Scegli solo pesce adulto

Quando sei in pescheria, fai attenzione anche alle dimensioni del pesce.

Affinché provenga da una pesca sostenibile, è necessario che sia un pesce adulto.

Di conseguenza accertati, in base alla specie, che l’esemplare che stai comprando non sia troppo piccolo. Pesci troppo giovani infatti sono spesso sintomo di una pesca irresponsabile e dannosa.

Sebbene le pescherie di qualità siano già tenute a rispettare le leggi sulle dimensioni minime del pescato, è sempre meglio controllare con i propri occhi!

3

Diversifica il pesce che acquisti

Variare il pesce da consumare fa bene al mare ed alla nostra salute.

Consumare pesci diversi significa infatti diversificare la propria dieta integrando molteplici sostanze nutritive.

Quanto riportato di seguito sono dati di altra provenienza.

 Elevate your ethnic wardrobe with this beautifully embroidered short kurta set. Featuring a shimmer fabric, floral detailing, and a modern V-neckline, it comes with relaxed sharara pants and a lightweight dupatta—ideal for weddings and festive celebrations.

Inoltre previene l’eccessivo sfruttamento di alcune specie ittiche, possibile minaccia alla loro sopravvivenza.

Un altro aspetto vantaggioso dell’acquistare pesci poco conosciuti è il risparmio economico. Tali prodotti infatti, essendo meno richiesti, hanno un prezzo più abbordabile senza però peccare di gusto o di valori nutrizionali!

4

Compra pesce certificato

Per essere sicuro al 100% di acquistare pesce sostenibile presta attenzione alla certificazione di pesca sostenibile.

Quella più famosa a livello internazionale per i prodotti ittici selvatici è la MSC (Marine Stewardship Council). Essa garantisce che il prodotto sia stato pescato in modo sostenibile e tracciabile.

Tale certificazione la puoi trovare sia sui prodotti freschi che surgelati, in quanto valuta la sostenibilità non solo delle tecniche di pesca, ma anche di stoccaggio e commercializzazione.

Per i prodotti di allevamento invece la certificazione equivalente è l’ASC (Aquaculture Stewardship Council). Essa garantisce che le aziende allevatrici preservino l’ecosistema, alimentino in modo sostenibile i pesci e limitino l’uso di medicinali ai soli casi di malattie.

Per favorire la pesca sostenibile serve quindi il contributo di tutti noi.

Seguendo la nostra guida non sarà più difficile trovare al mercato il pesce sostenibile!